On Mon, Feb 12, 2018 at 7:08 PM, Chuck McCown <ch...@wbmfg.com> wrote:

> So if y’all were helping a friend would you recommend 450 or ePMP?
>
> I doubt he will ever have more than 50 customers.
>
> I have not had much experience with ePMP in the last 4 years.  I didn’t
> like it when it first came out.
>
> *From:* Joe Novak
> *Sent:* Monday, February 12, 2018 4:56 PM
> *To:* af@afmug.com
> *Subject:* Re: [AFMUG] mini wisp
>
> We have a few towers with AF5x and Cambium EPMP co-existing. Some have
> vertical separation, some are grain elevators. Just gotta have some
> frequency separation. I really like them. Latency under load is good, it's
> a purpose built radio and I think it serves it's purpose well.
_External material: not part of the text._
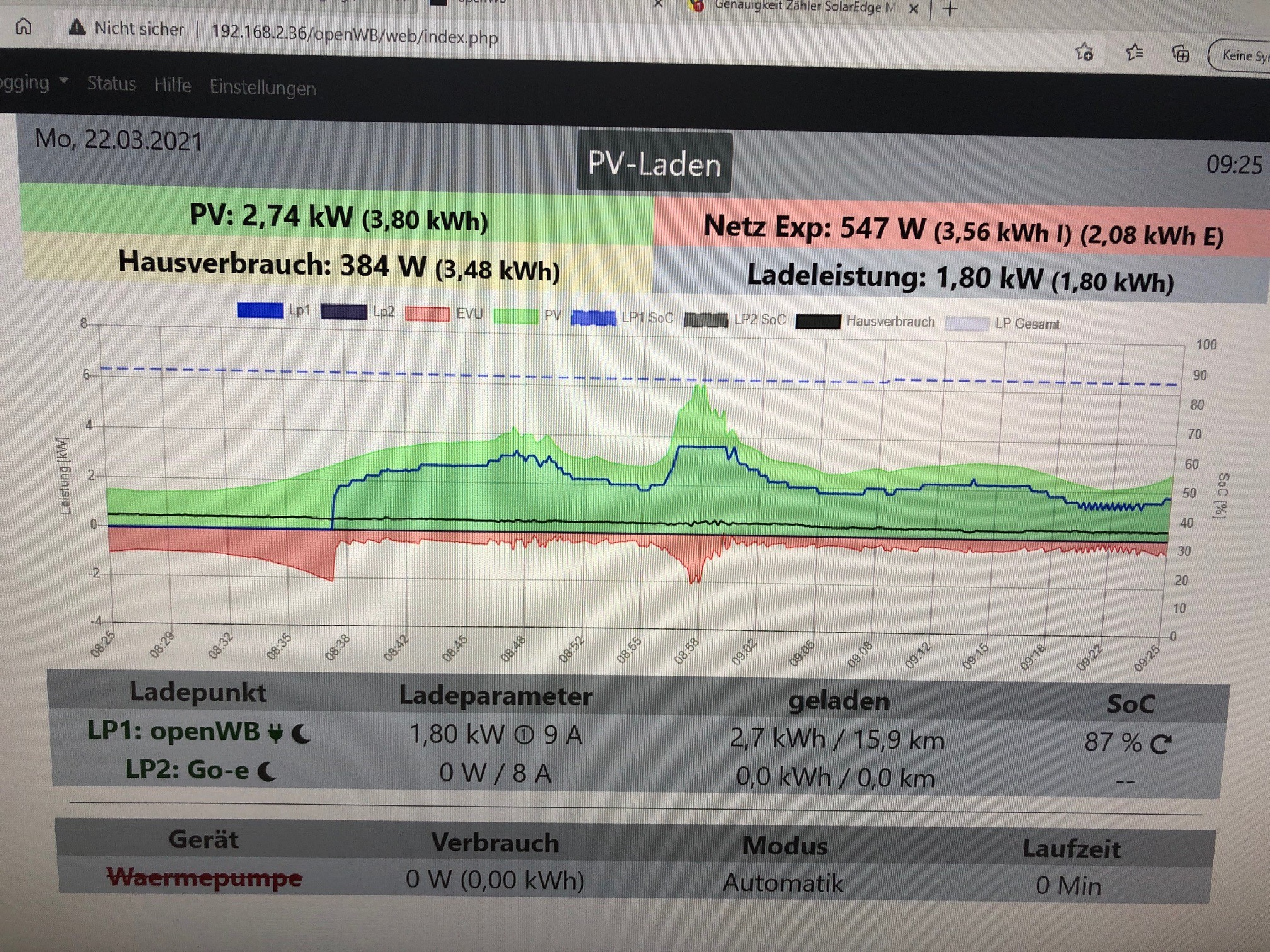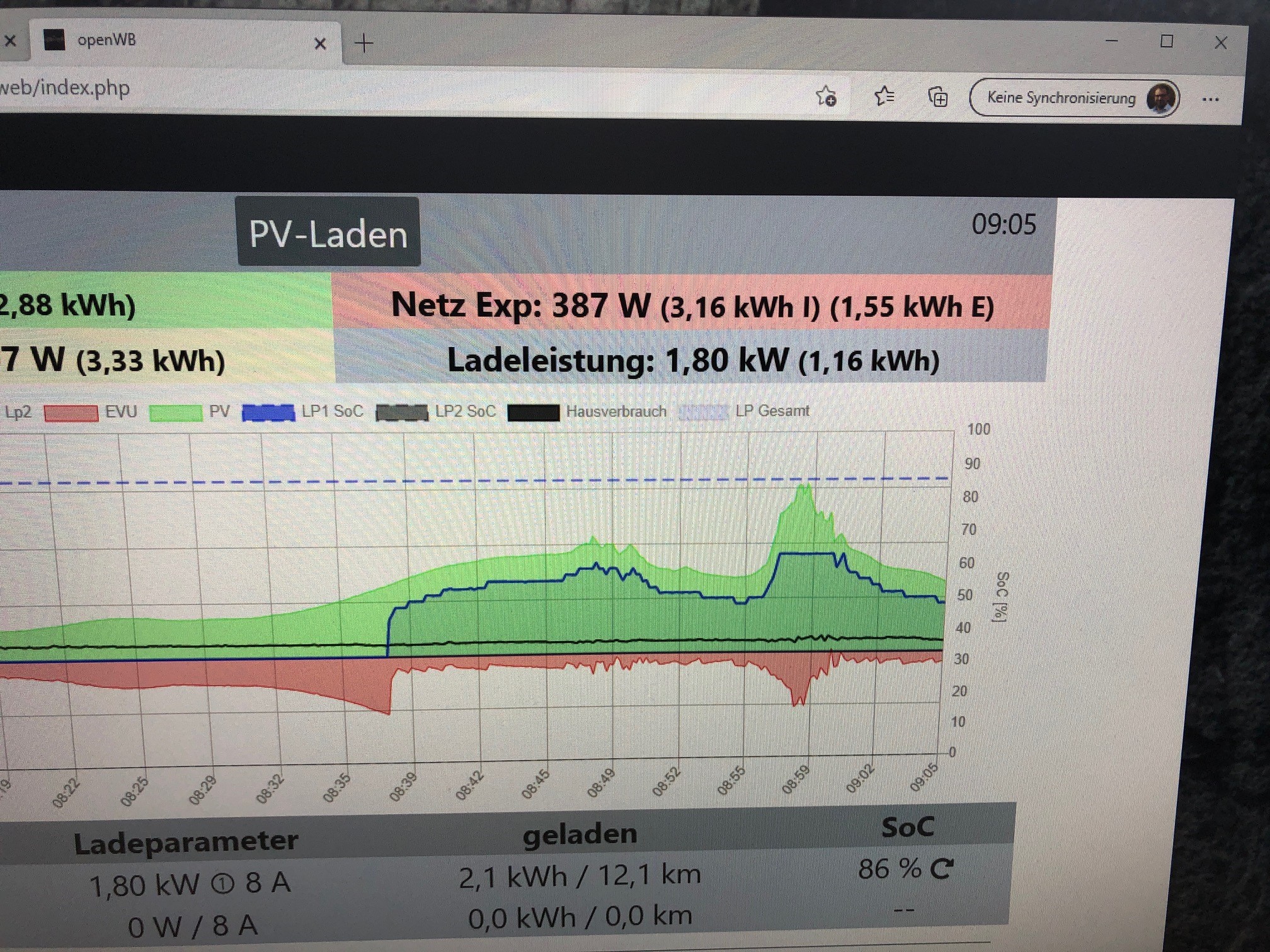 Obwohl die Anlage so eingestellt ist, das sicher kein Import während der 1P Ladung stattgefunden hat, zählt der Import von 3.16kWh auf 3.56kWh hoch. Ich vermute mal, dass der Modbuszähler von SE nicht saldiert, sondern das was auf L1 bezogen wird als Import zählt und das was auf L2&L3 auf Export gewertet wird, da ich auf 3P einspeise.

If he has
> the option to use the AF5XHD or whatever the naming convention is even
> better, I think it hit general availability.
>
> On Mon, Feb 12, 2018 at 5:50 PM, Jaime Solorza <losguyswirel...@gmail.com>
> wrote:
>
>> Two AF5x on same tower, One AP on second tower 20 ft away...all other
>> radios within 4 mile radius...
>>
>> Jaime Solorza
>>
>> On Feb 12, 2018 4:43 PM, "Chuck McCown" <ch...@wbmfg.com> wrote:
>>
>>> All on the same tower, right?
>>>
>>> *From:* Jaime Solorza
>>> *Sent:* Monday, February 12, 2018 4:41 PM
>>> *To:* Animal Farm
>>> *Subject:* Re: [AFMUG] mini wisp
>>>
>>> Yes..I have two AF5X links as PTP and 25 radios all in 5 GHz off 4 APs
>>> in Fabens, Texas sharing spectrum with 3 WISPs...no issues...
>>>
>>> Jaime Solorza
>>>
>>> On Feb 12, 2018 4:32 PM, "Chuck McCown" <ch...@wbmfg.com> wrote:
>>>
>>>> Talking to a friend that wants to build a small wisp.  He is about 5.5
>>>> miles from a backbone connection.  I would suggest AF5X to him but he is
>>>> gonna want to use 5 GHz for his wisp I presume.
>>>>
>>>> Can an AF5X and some 5 GHz cambium (or others) access points peacefully
>>>> coexist on a tower?
>>>> Very rural area.  Not expecting much interference other than home
>>>> routers.
>>>>
>>>
>


Re: [AFMUG] mini wisp

2018-02-12 Thread Jaime Solorza
I separated frequencies to three I found cleanest on AFx5s...On Rockets and
Powerbeams I choose one frequency and shut off the rest on APs and on
PowerBeams I only use two...this method has worked well since August of
2017 when I replaced all the radios on this network and have had to change
them since.  Two of the WISPs live in Fabens and work with us on issues.
The other one from El Paso uses my services once in a while and works with
us as well.  Texas Gas put up allot of 5GHz units around Fabens but still
no issues. I used larger dishes at Wells and lift stations as well.

Jaime Solorza

On Feb 12, 2018 4:50 PM, "Jaime Solorza" <losguyswirel...@gmail.com> wrote:

> Two AF5x on same tower, One AP on second tower 20 ft away...all other
> radios within 4 mile radius...
>
> Jaime Solorza
>
> On Feb 12, 2018 4:43 PM, "Chuck McCown" <ch...@wbmfg.com> wrote:
>
>> All on the same tower, right?
>>
>> *From:* Jaime Solorza
>> *Sent:* Monday, February 12, 2018 4:41 PM
>> *To:* Animal Farm
>> *Subject:* Re: [AFMUG] mini wisp
>>
>> Yes..I have two AF5X links as PTP and 25 radios all in 5 GHz off 4 APs in
>> Fabens, Texas sharing spectrum with 3 WISPs...no issues...
>>
>> Jaime Solorza
>>
>> On Feb 12, 2018 4:32 PM, "Chuck McCown" <ch...@wbmfg.com> wrote:
>>
>>> Talking to a friend that wants to build a small wisp.  He is about 5.5
>>> miles from a backbone connection.  I would suggest AF5X to him but he is
>>> gonna want to use 5 GHz for his wisp I presume.
>>>
>>> Can an AF5X and some 5 GHz cambium (or others) access points peacefully
>>> coexist on a tower?
>>> Very rural area.  Not expecting much interference other than home
>>> routers.
>>>
>>


Re: [AFMUG] mini wisp

2018-02-12 Thread Chuck McCown
So if y’all were helping a friend would you recommend 450 or ePMP?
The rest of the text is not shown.